## Task 2: Multi-Modality Similarity Search

The **second task** we define for our **Game Recommendation Assistant** is the following:

**Text-based retrieval**: Given a game description or textual query such as “open-world fantasy adventure”, the system retrieves game covers (images), trailers (videos), and descriptions (texts) of games with similar themes, genres, or narrative elements.

**Image-based retrieval**: Given a game cover or in-game snapshot, the system retrieves visually and semantically related games, including similar covers (images), trailers (videos), and descriptions (texts) that share comparable art styles, visual motifs, or atmosphere.

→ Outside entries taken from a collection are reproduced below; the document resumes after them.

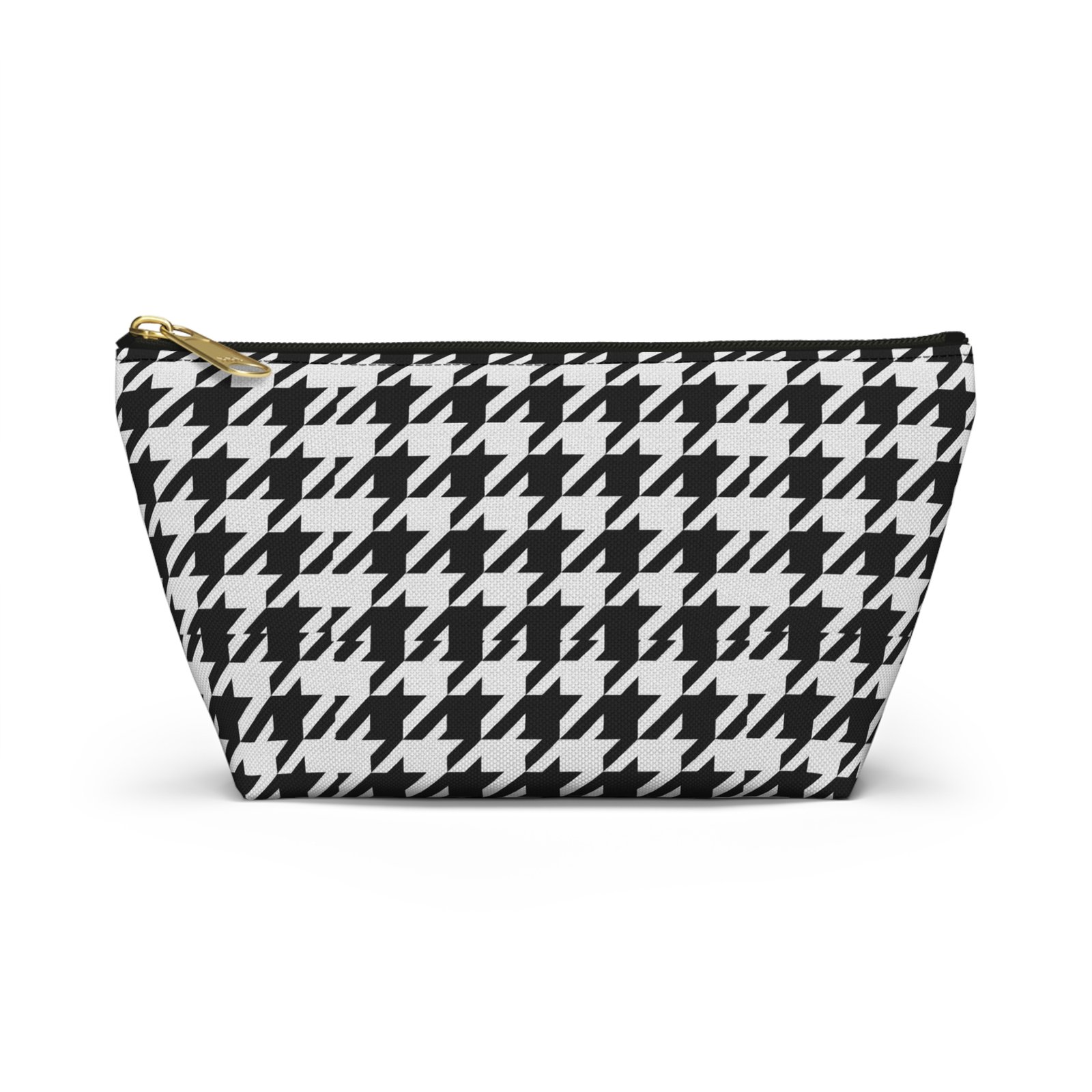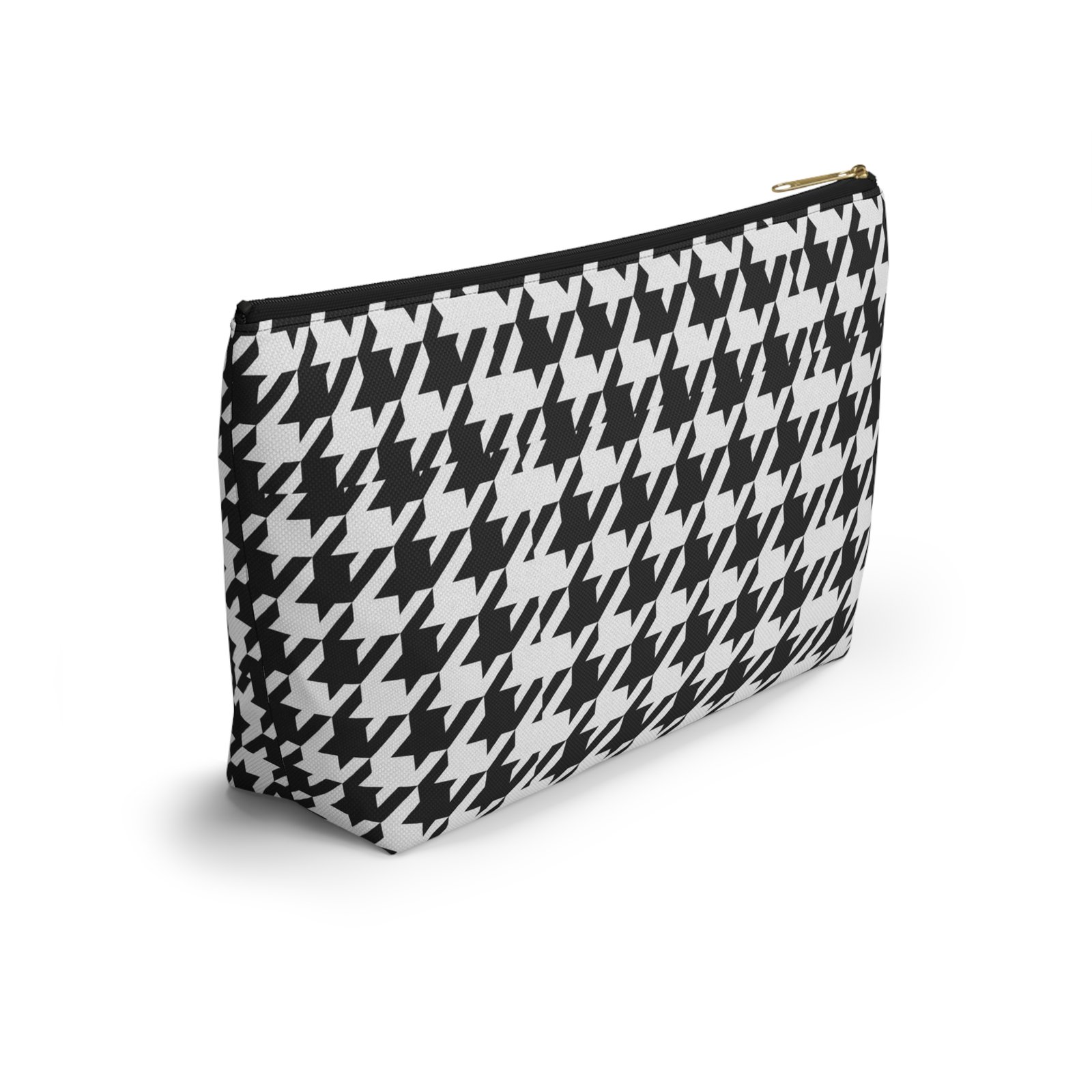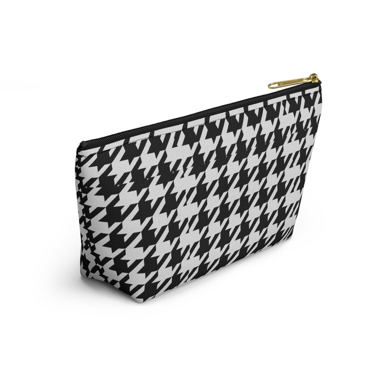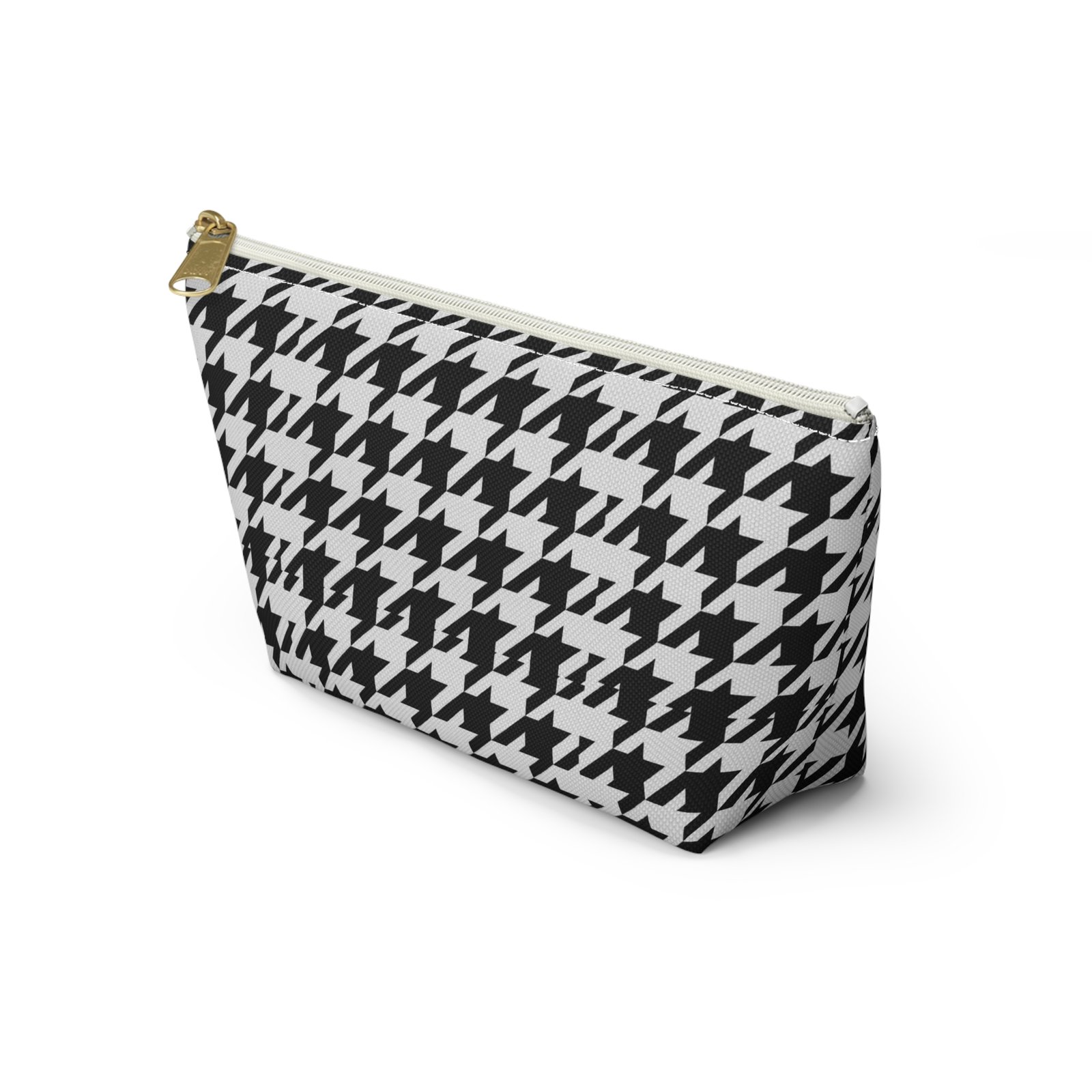 A chic accessory pouch that brings classic houndstooth into everyday life. The structured T-bottom gives the pouch a steady base so it sits open on a counter while you reach for essentials. The bold black-and-white pattern reads modern and confident — good for a quick makeup refresh, corralling cords in a tote, or keeping small tools organized at a workspace. The gold-tone zipper pull adds a subtle flash of polish against the graphic print, while the laminated interior protects the exterior print and helps contain spills. Lightweight, low-maintenance, and designed to hold up to daily use, this pouch slips into larger bags or stands alone on a vanity or desk.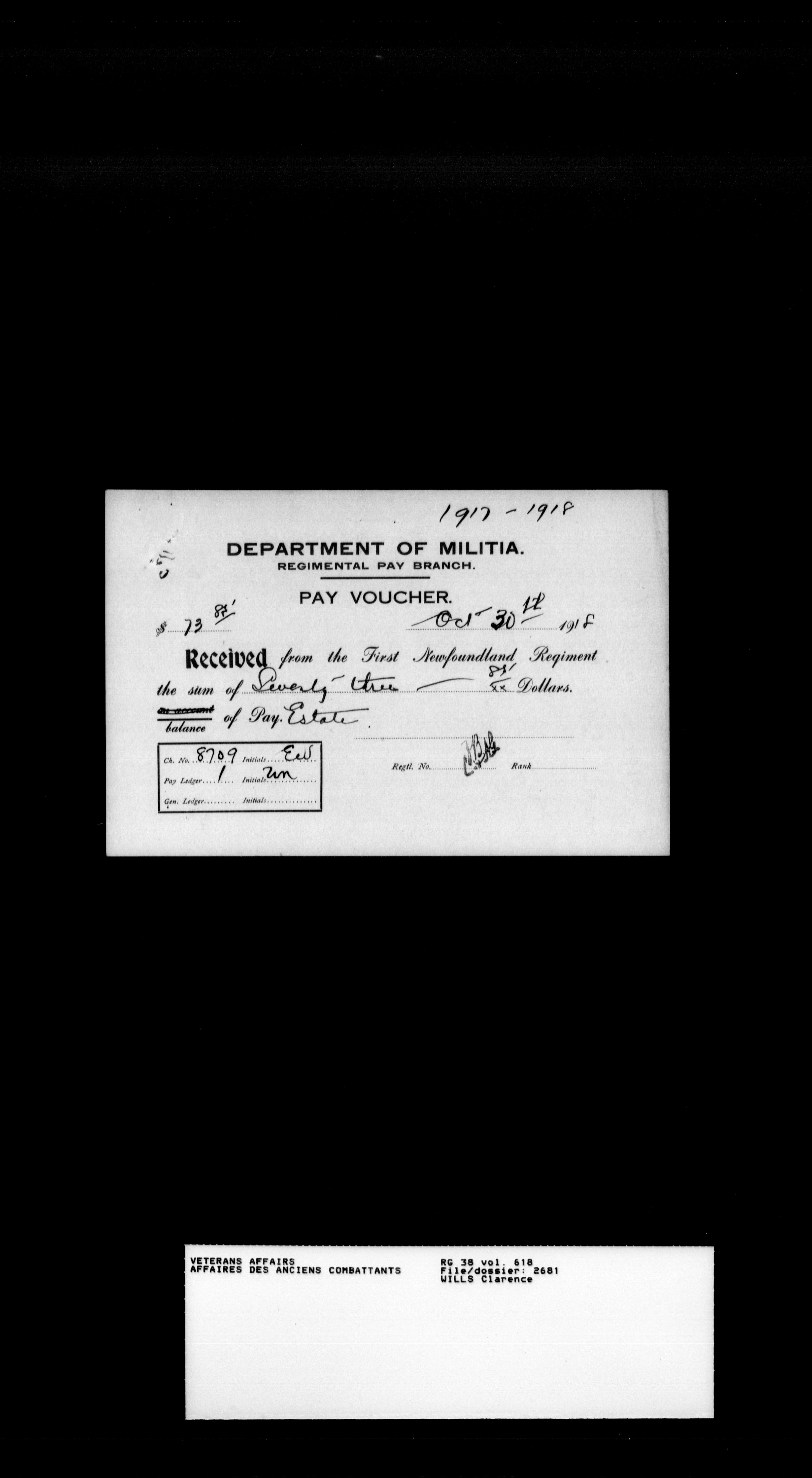 Military service files for members of the Royal Newfoundland Regiment and bandsmen and the Newfoundland Forestry Corps (1914-1919) - 18166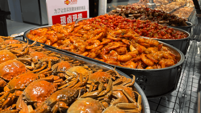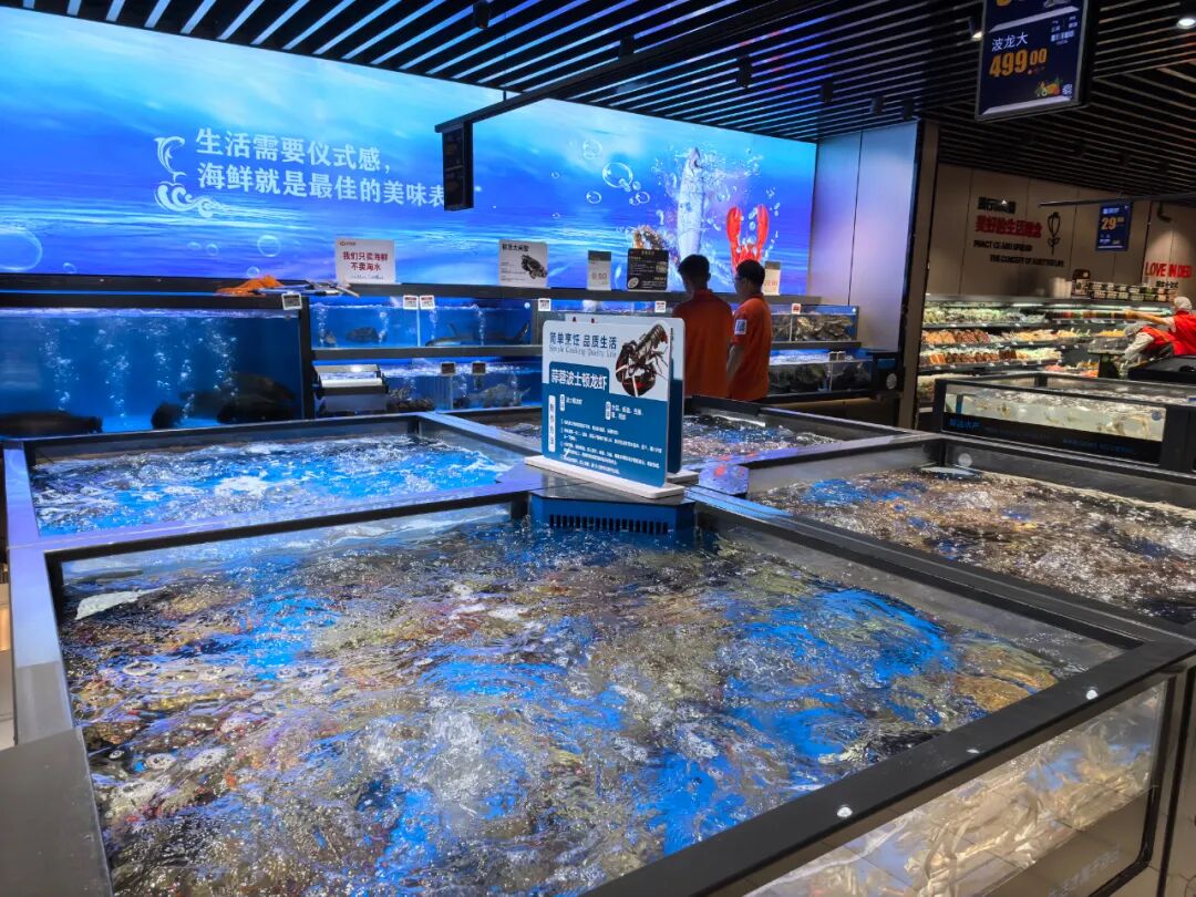 在水產區(qū),商品組合非常豐富,更加注重品質。這里有599元/只的澳龍、499元/只的波龍、299元/斤的帝王蟹、188元/斤的波龍、249元/斤的珍寶蟹、149元/斤的面包蟹等品質之選,也有鱖魚、鱸魚、多寶魚、生蠔、基圍蝦等極致性價比之選。

**Video-based retrieval**: Given a game trailer, the system retrieves trailers (videos), covers (images), and descriptions (texts) of games with a similar visual tone, gameplay style, or mood.

In [1]:
# Importing useful dependencies
import io
import boto3
import torch
import chromadb
import open_clip
import numpy as np
from PIL import Image
from io import BytesIO
import ipywidgets as widgets
from IPython.display import display

In [2]:
# Setup S3 client for MinIO (MinIO implements Amazon S3 API)
s3 = boto3.client(
    "s3",
    endpoint_url="http://127.0.0.1:9000", # MinIO API endpoint
    aws_access_key_id="minioadmin", # User name
    aws_secret_access_key="minioadmin", # Password
)

In [3]:
# Connect to the server of ChromaDB where we stored the embeddings of files (Docker Container)
client = chromadb.HttpClient(host="localhost", port=8000)

# Create or get the collection named "texts_images"
collection_texts_images = client.create_collection(name="texts_images", get_or_create=True, embedding_function=None)

In [4]:
# Just in case our device has gpu
device = "cuda" if torch.cuda.is_available() else "cpu"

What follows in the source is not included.